> What the task requires
Lines from the one containing "新款创意好运莲莲树脂摆件家居装饰乔迁新居布置办公桌面创意礼品" to the end of the records, both ends included and exactly as written, are the whole answer, and no pictures go in it.

> Collected data

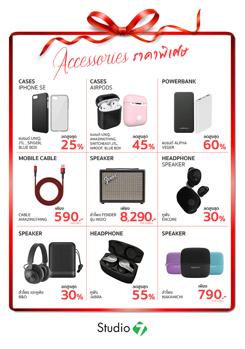 สำหรับ สินค้าแกดเจ็ตและอุปกรณ์เสริมลดที่ Studio 7 มีดังนี้
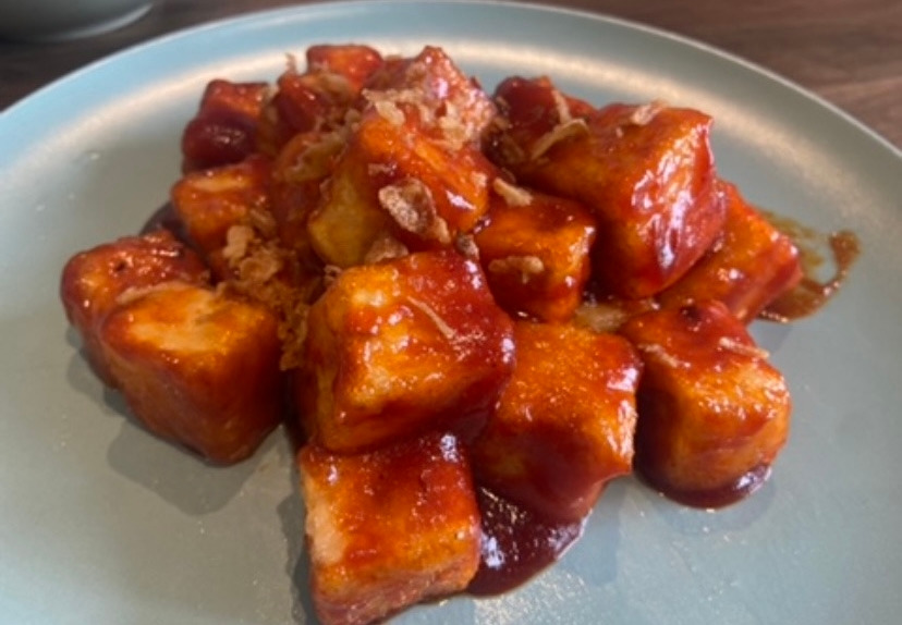 한국인이라면 보통 냉장고에 고추장은 있기 마련이다. (없으면 다음 메뉴로 가자. 장류는 비싸다.) 고추장, 케첩에 설탕 또는 물엿 약간, 간장 조금, 다진 마늘이면 양념치킨 소스를 ㅁ나들 수 있다. 두부를 깍둑썰기하여 준비한다. 두부에 골고루 전분가루를 입혀준다. (전분가루는 안 비싸다.) 기름을 둘러 준 팬에 두부를 전부 바삭하게 구워내 준다. 그렇게 바삭하게 구워진 두부에 양념치킨 소스를 찍먹 하거나 부어서 버무려준다. 버무리면 바삭함은 바로 사라지긴 한다. 하지만 그래도 맛은 있다.
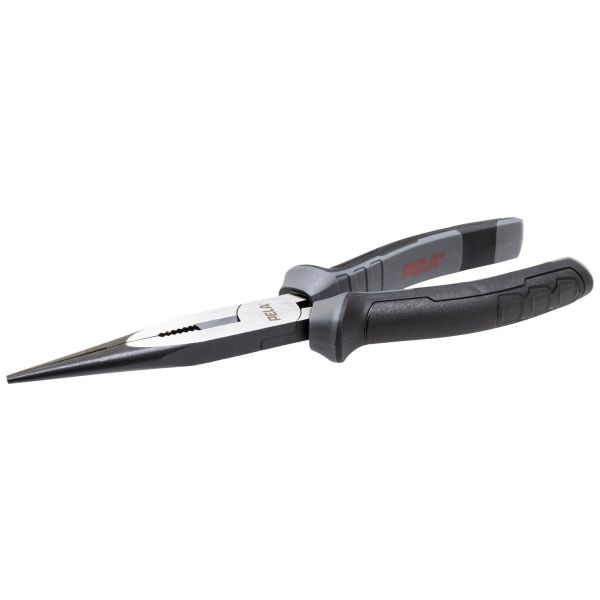 PELA nåltang (spidstang) med en afsmalnende spids, som er et alsidigt og ofte uundværligt værktøj i både hjemmet og værkstedet til detaljerede og præcise opgaver. Tangen er fremstillet af krom-vanadium-stål, hvilket giver den høj holdbarhed og slidstyrke, noget der passer både til professionel og privat brug. Håndtagene er ergonomisk udformede med en tekstureret, halkfri overflade for at give et behageligt og sikkert greb også under længere arbejdsperioder. Nåltangen har desuden en indbygget trådskærer, som gør det muligt at klippe kabler og tråde uden at skulle skifte værktøj. PELA nåltang er et alsidigt og pålideligt værktøj at have i værktøjskassen.
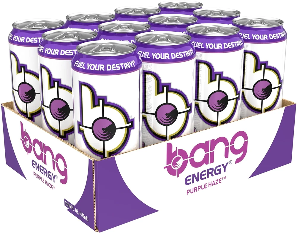 300 MG OF CAFFEINE: Bang Energy drinks contain enough caffeine to power you through any activity of the day. Stay energized for longer without the dreaded crash. ZERO-SUGAR ENERGY DRINK: NO sugar necessary! Just great-tasting, sustained energy. ULTRA CoQ10 and EAAs (Essential Amino Acids) GLUTEN-FREE AND VEGAN-FRIENDLY: Bang Energy drinks are gluten-free and vegan-friendly, so they are perfect for any lifestyle or diet. ZERO CARBS, ZERO ARTIFICIAL COLORS and ZERO CALORIES. Only the reformulated Bang Energy drinks have been tested and verified to be gluten-free and vegan-friendly. If you receive cans that have “BCAA Aminos” instead of “EAA Aminos” printed on them, we cannot guarantee that they fall within the gluten-free and vegan-friendly guidelines. Bang is not your typical sugar-filled soda masquerading as an energy drink. Every 16-ounce can of Bang contains 300 milligrams of caffeine, which studies have shown may increase endurance, as well as strength in some cases, along with essential amino acids (EAA Aminos), CoQ10.< What’s more, Bang is sugar-free and has ZERO calories — yet it tastes great, with 21 different flavors to choose from and counting!
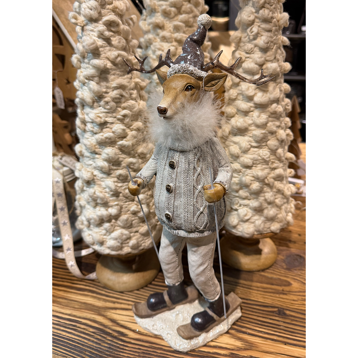 Produktinformationen "Deko Hirsch Skifahrer creme-braun, Polyhirsch auf Ski"
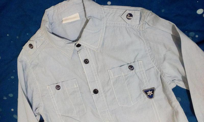 Новая рубаха БЛУКИДЗ рост 128 в синюю мелкую полосочку
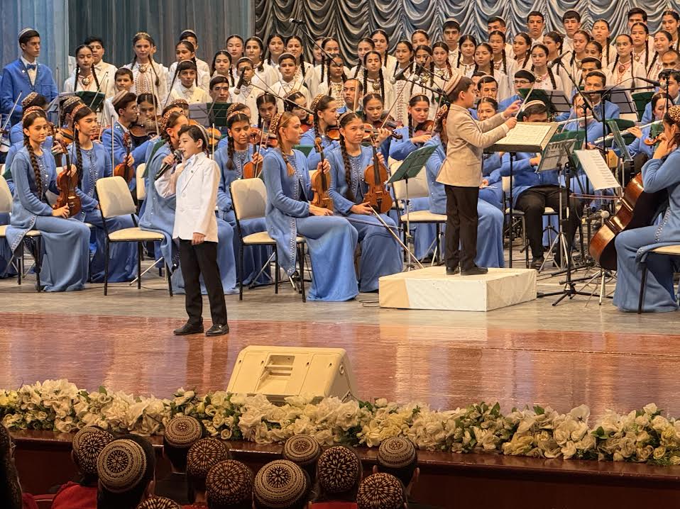 На сцене выступил большой сводный симфонический оркестр, в котором приняли участие талантливые учащиеся различных музыкальных учреждений страны. Среди них — воспитанники Специальной музыкальной школы имени Данатара Овезова при Национальной консерватории имени Маи Кулиевой, а также юные музыканты из детских школ искусств Ашхабада и города Аркадаг.
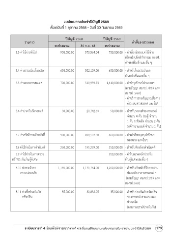 ระเบียบวาระที่ 4 เรื่องเพื่อพิจารณา/ วาระที่ 4.3 เรื่องอนุมัติแผนงานงบประมาณรายรับ-รายจ่าย ประจำาปีบัญชี 2569 173
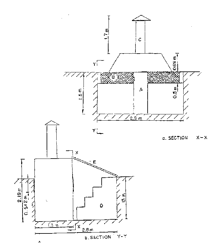 Le Département de Génie rural de l'Université du Nigeria à Nsukka a conçu une cave ventilée pour le stockage des ignames (figure 2.1). La cave mesure 2,90m de long sur 1,30m de large et 1,50m de profondeur. Le toit en forme de coupole protège la cave des eaux d'écoulement de pluie. Des ouvertures de prise d'air grillagées (B sur la figure) et une cheminée (C) située au centre, améliorent le niveau de ventilation. La cheminée, peinte en noir, accentue le mouvement d'écoulement d'air.
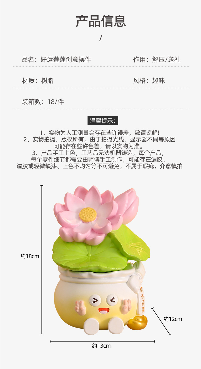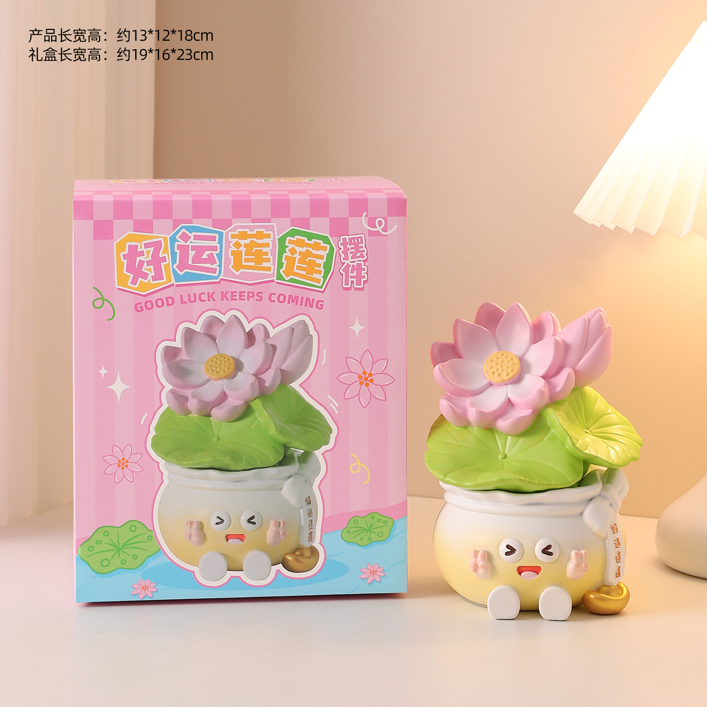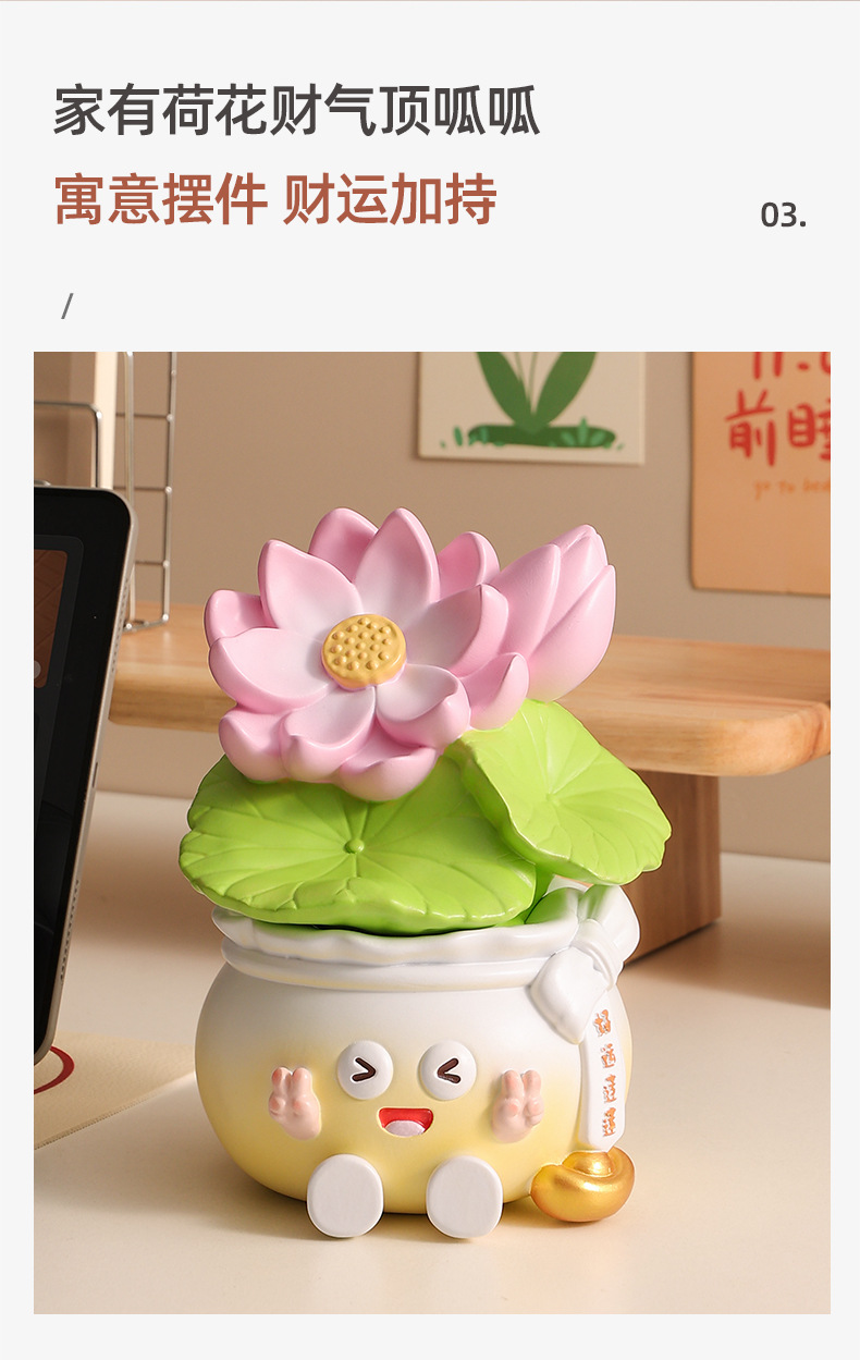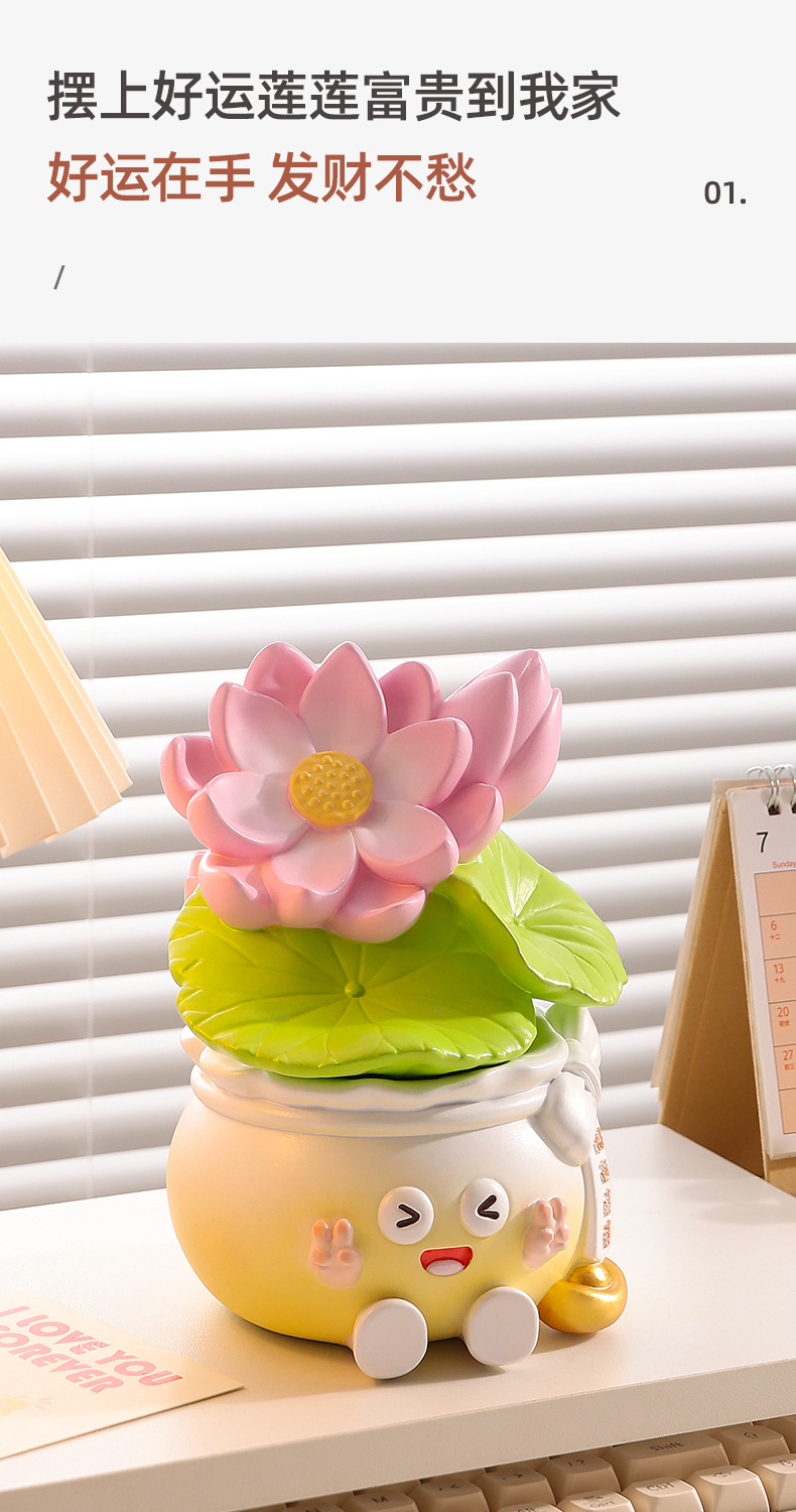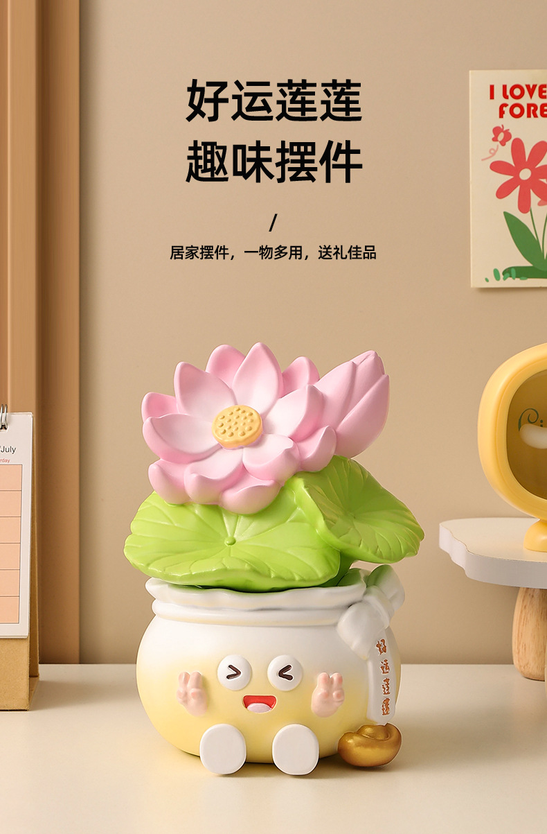 新款创意好运莲莲树脂摆件家居装饰乔迁新居布置办公桌面创意礼品
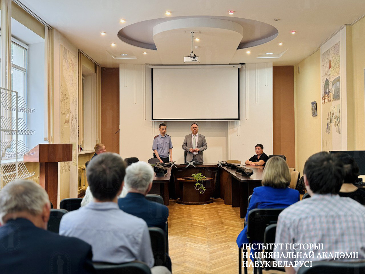 🔹28 июля 2025 года в Институте истории НАН Беларуси в рамках Единого дня безопасности дорожного движения состоялась встреча с заместителем начальника отдела технических средств и систем ГАИ ГУВД Мингориспокома Жидкевичем Евгением Викторовичем.
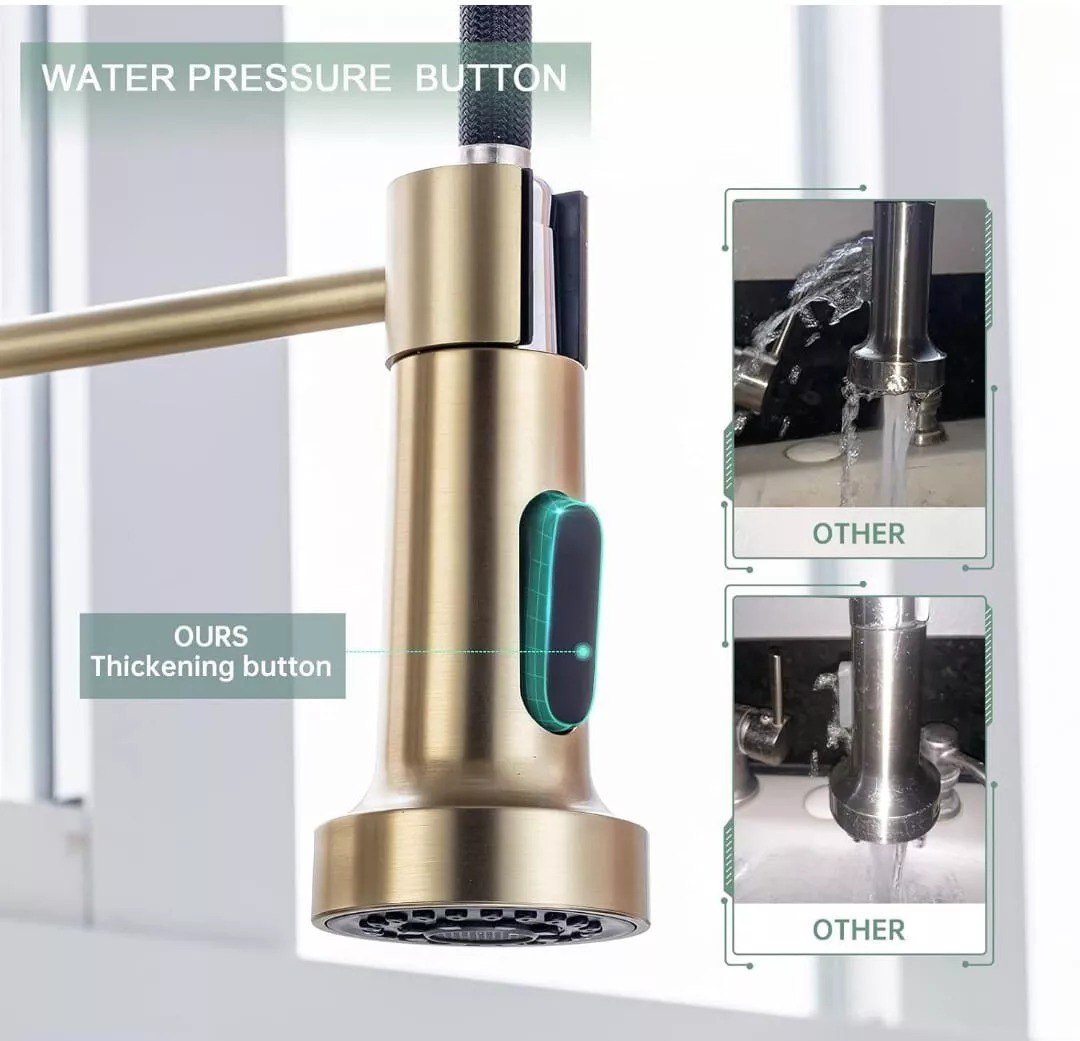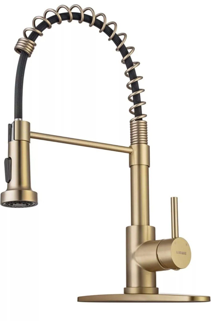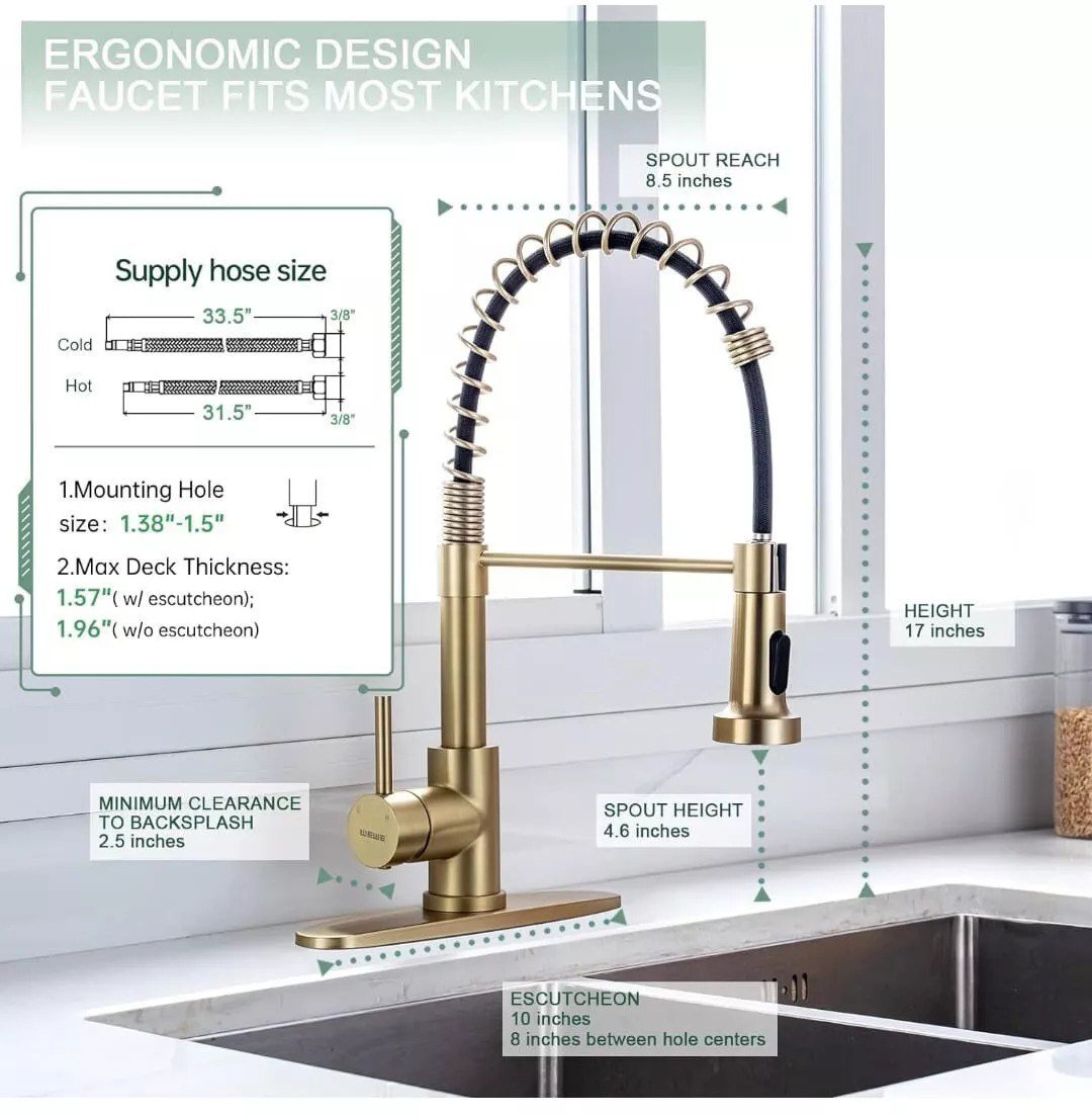 Be the first to review “Hoimpro Brushed Gold High Arc Spring Kitchen Faucet with Pull Down Sprayer”

> Exercise answer
 新款创意好运莲莲树脂摆件家居装饰乔迁新居布置办公桌面创意礼品
 🔹28 июля 2025 года в Институте истории НАН Беларуси в рамках Единого дня безопасности дорожного движения состоялась встреча с заместителем начальника отдела технических средств и систем ГАИ ГУВД Мингориспокома Жидкевичем Евгением Викторовичем.
 Be the first to review “Hoimpro Brushed Gold High Arc Spring Kitchen Faucet with Pull Down Sprayer”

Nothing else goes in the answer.